Substitution transforms non-separable into separable.

Applications of Separable Equations

1. Exponential growth/decay: dy/dt = ky

All processes where rate proportional to amount.

2. Logistic growth: dy/dt = ry(1 - y/K)

Population with carrying capacity, epidemic models.

3. Newton's cooling: dT/dt = -k(T - T_a)

Temperature equilibration.

4. Free fall with air resistance: dv/dt = g - kv

Velocity under gravity and drag.

5. Chemical kinetics: dC/dt = -kC^n

Reaction rates (first-order if n = 1, second-order if n = 2).

6. Torricelli's law: dh/dt = -k√h

Draining tank—height decreases as square root.

All separable. All solved by the same technique.

Why Separation Works

Mathematically, separation of variables is justified by the chain rule.
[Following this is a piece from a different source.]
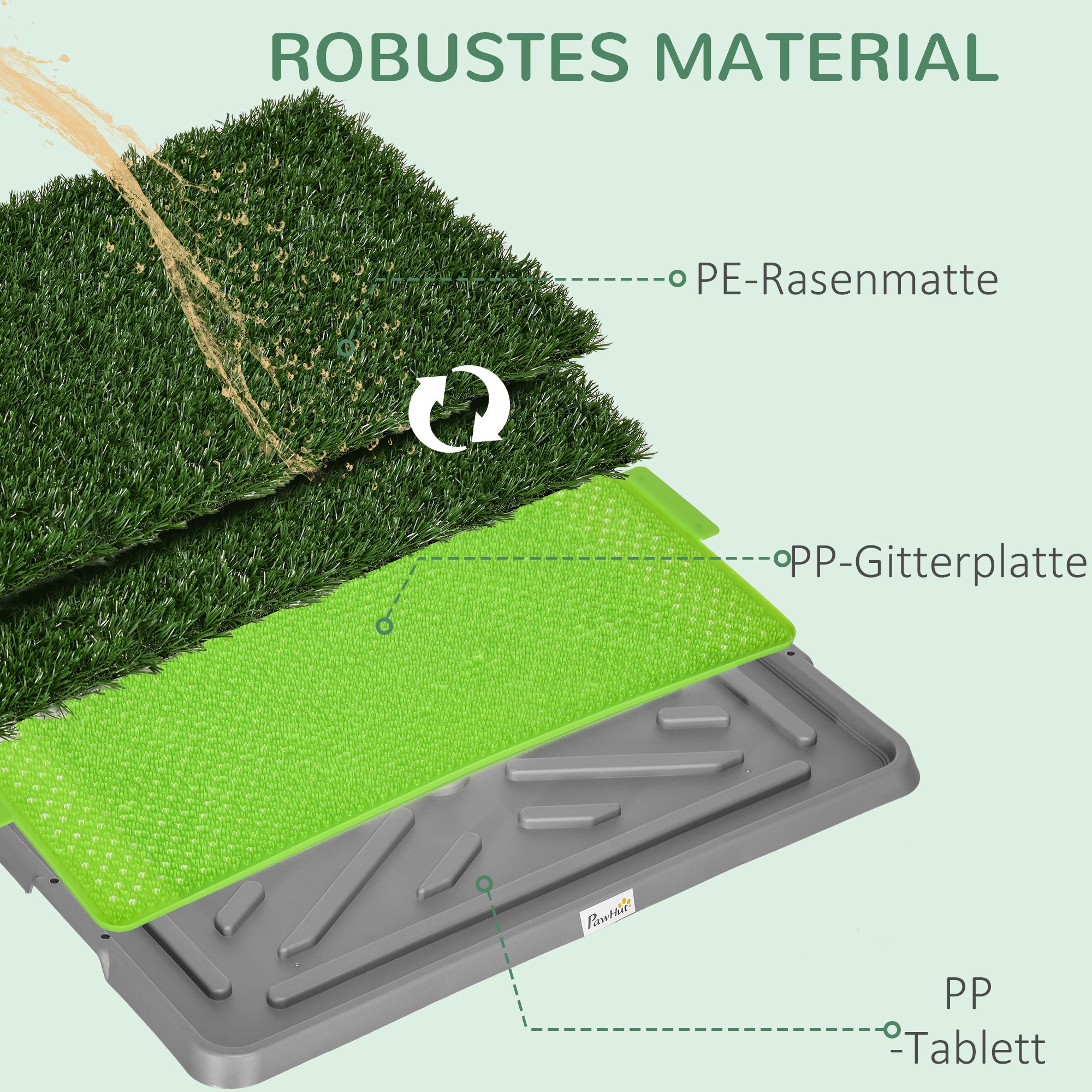 - ✔ Drænhuller i hundetoilettet sikrer renlighed og tørhed

If dy/dx = g(x)h(y), then:

dy = g(x)h(y)dx

Divide by h(y):

dy/h(y) = g(x)dx

Integrate both sides with respect to their respective variables:

∫dy/h(y) = ∫g(x)dx

The left side integrates with respect to y, the right with respect to x. The equality holds because dy and dx are differentials satisfying the original equation.

It's a formal manipulation that works because derivatives and integrals are inverse operations.

Practical Tips

Tip 1: Always check for singular solutions (where you divided by zero).
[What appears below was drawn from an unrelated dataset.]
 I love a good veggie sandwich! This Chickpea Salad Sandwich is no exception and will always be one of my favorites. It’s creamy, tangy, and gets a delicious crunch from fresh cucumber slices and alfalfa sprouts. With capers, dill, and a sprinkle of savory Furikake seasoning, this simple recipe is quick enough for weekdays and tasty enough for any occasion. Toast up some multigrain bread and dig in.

Tip 2: Don't forget the absolute value in logarithms: ∫dy/y = ln|y|, not ln(y).

Tip 3: You can absorb signs into the constant. If ln|y| = x + C₁, then y = ±e^(C₁)e^x = Ce^x where C can be positive or negative.

Tip 4: Check your solution by differentiating and verifying it satisfies the original equation.
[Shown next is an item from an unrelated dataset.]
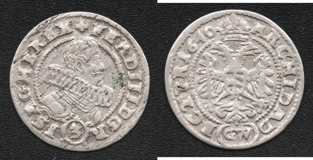 3 Krejcar 1640 GW, Georg Werner, NŠ.155, MKČ.1337a, 1.666g, dr.vady mater., nep.nedor., skvrnky, patina, téměř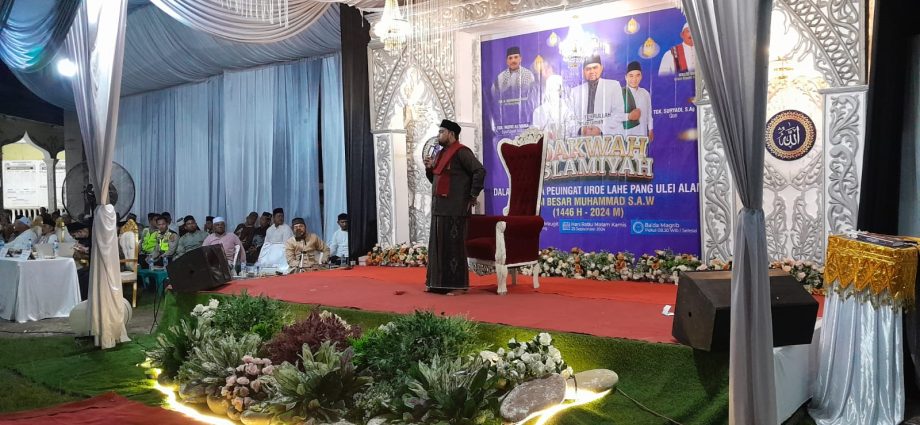 Globaldetik.com | ACEH UTARA – Badan Kemakmuran Masjid (BKM) Kemasjidan At -Taqwa Blang Meugit Gampong Blang Ara, Kemukiman, Pirak Tunong, Kecamatan Paya Bakong, Aceh Utara menggelar Dakwah Islamiyah dalam rangka memperingati hari lahir Baginda Rasulullah, SAW 1446H/2024M,di halaman Mesjid setempat pada Rabu 25/9/2024,malam.

Tip 5: If the equation isn't obviously separable, try algebraic manipulation or substitution.

When to Use Separation

Use separation of variables if:

• The equation is first-order
• The right side factors into g(x)h(y)
• You can integrate both ∫dx/g(x) and ∫dy/h(y)

If any condition fails, use a different method.

Limitations

Separation requires:

1. Separability: The equation must factor
2. Integrable factors: Both integrals must be computable

If ∫dy/h(y) or ∫g(x)dx can't be expressed in elementary functions, you're stuck.

Example: dy/dx = e^(x²)y

Separable: dy/y = e^(x²)dx

But ∫e^(x²)dx has no elementary antiderivative. You'd need numerical methods or special functions (error function).

Separation is powerful, not omnipotent.

Next Steps

Separation of variables handles a large class of first-order ODEs. But not all first-order equations are separable.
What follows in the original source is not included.